Abstract

Introduction: Thoracic Endovascular Aortic Repair (TEVAR) has become the standard of care for treating complicated type B aortic dissection and descending thoracic aortic aneurysms. There are no large datasets evaluating racial disparities in patients undergoing TEVAR. Hypothesis: There is no difference in outcomes between patients of different ethnicities and race undergoing TEVAR. Methods: We analyzed adult patients who underwent TEVAR for complicated type B aortic dissection or descending thoracic aortic aneurysm. International Classification of Diseases, Ninth Revision, were used to identify patients. We utilized the National Inpatient Sample database, from January 1, 2010 to December 31, 2017. Appropriate trend weights were used to generate national estimates. Primary outcome measure was in hospital mortality. Predictors of mortality were determined using hierarchical logistic regression and a mixed logistic model was used to account for hospital variations. Excluded patients were less than 18 years old. Results: The study population consisted of 25260 patients. There were 17197 (68.07%) white patients, 4959 (19.66%) black patients, 1462 (5.74%) Hispanic patients and 1642 (6.51%) patients of various other ethnicities and races. Although the Elixhauser comorbidity index was not significantly different between groups, white patients were older, underwent more elective repairs, had lower baseline rates of diabetes mellitus, hypertension and chronic kidney disease.
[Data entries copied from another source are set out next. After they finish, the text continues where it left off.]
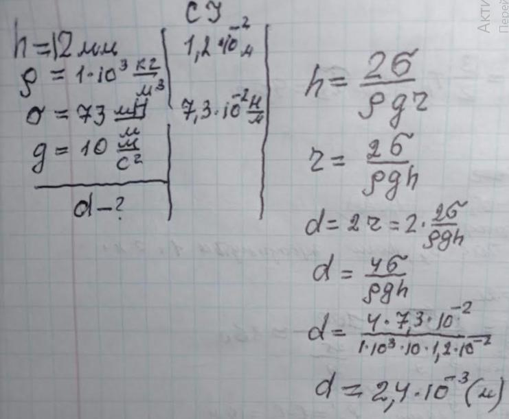 визначіти внутрішній діаметр капілярної трубки, якщо вода в ній піднялась над відкритою поверхнею води на 12мм
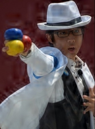 180センチの長身を生かした長い手足での”高速ジャグリング”と、オリジナルの”ダンスジャグリング”が大好評!
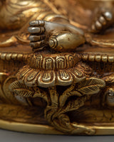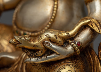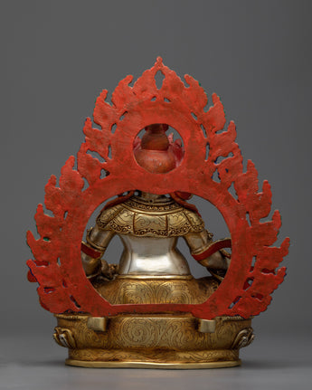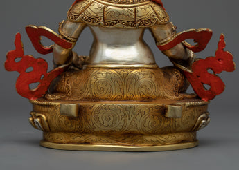 The 24k gold plating on the Dzambhala Kuber Murti is enhanced with exquisite gold and acrylic paints. This perfect combination of colors provides a spectacular sight, elevating this piece beyond the status of a statue to that of an image of tranquillity, wealth, and spirituality. The statue's significant weight reflects its substance and solidity, making it an extraordinary addition to your shrine, meditation room or as an impactful element of your home decor.
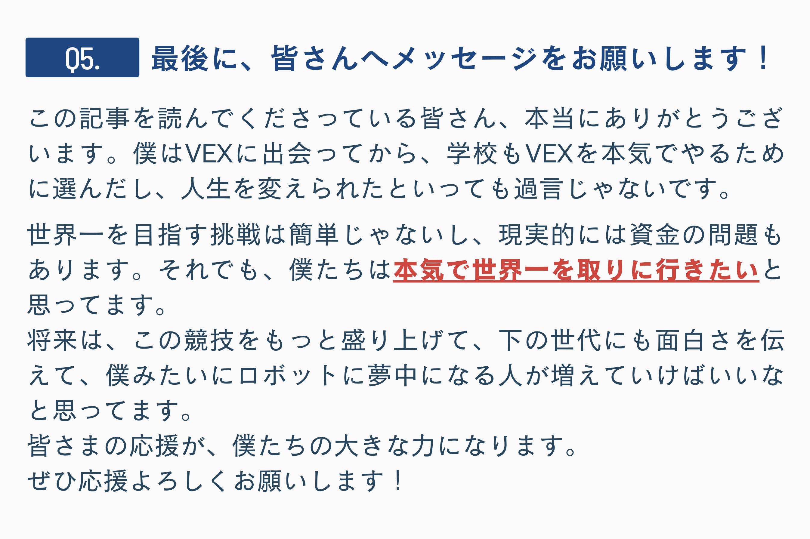 日頃より活動を支えてくださる皆さまへの感謝を胸に、私たちは VEX という手段を通じて、これからの世代に新たな道や可能性を伝えていきたいと考えています。単に結果だけを追い求めるのではなく、挑戦の過程を共有し、世界へ挑む価値を広げていくこと。それが私たちのミッションです。日本代表としての誇りを胸に、世界の舞台に挑みます。

There was no significant difference when comparing in hospital mortality between white (reference group), black (OR 0.86, p=0.46), Hispanic (OR 1.54, p=0.13) or other groups (OR 0.78, p=0.45). Non elective TEVAR (OR 2.23, p<0.001), presence of other cardiac conditions (OR 2.68, p<0.001), and preoperative diagnosis of cerebral vascular disease (OR 2.39, p<0.001), peripheral vascular disease (OR 1.62, p=0.00) and chronic kidney disease (OR 1.45, p=0.04) were significant predictors of in hospital mortality. Conclusions: While patients of color were older and had more peripheral vascular disease and chronic obstructive pulmonary disease racial differences did not predict in hospital mortality.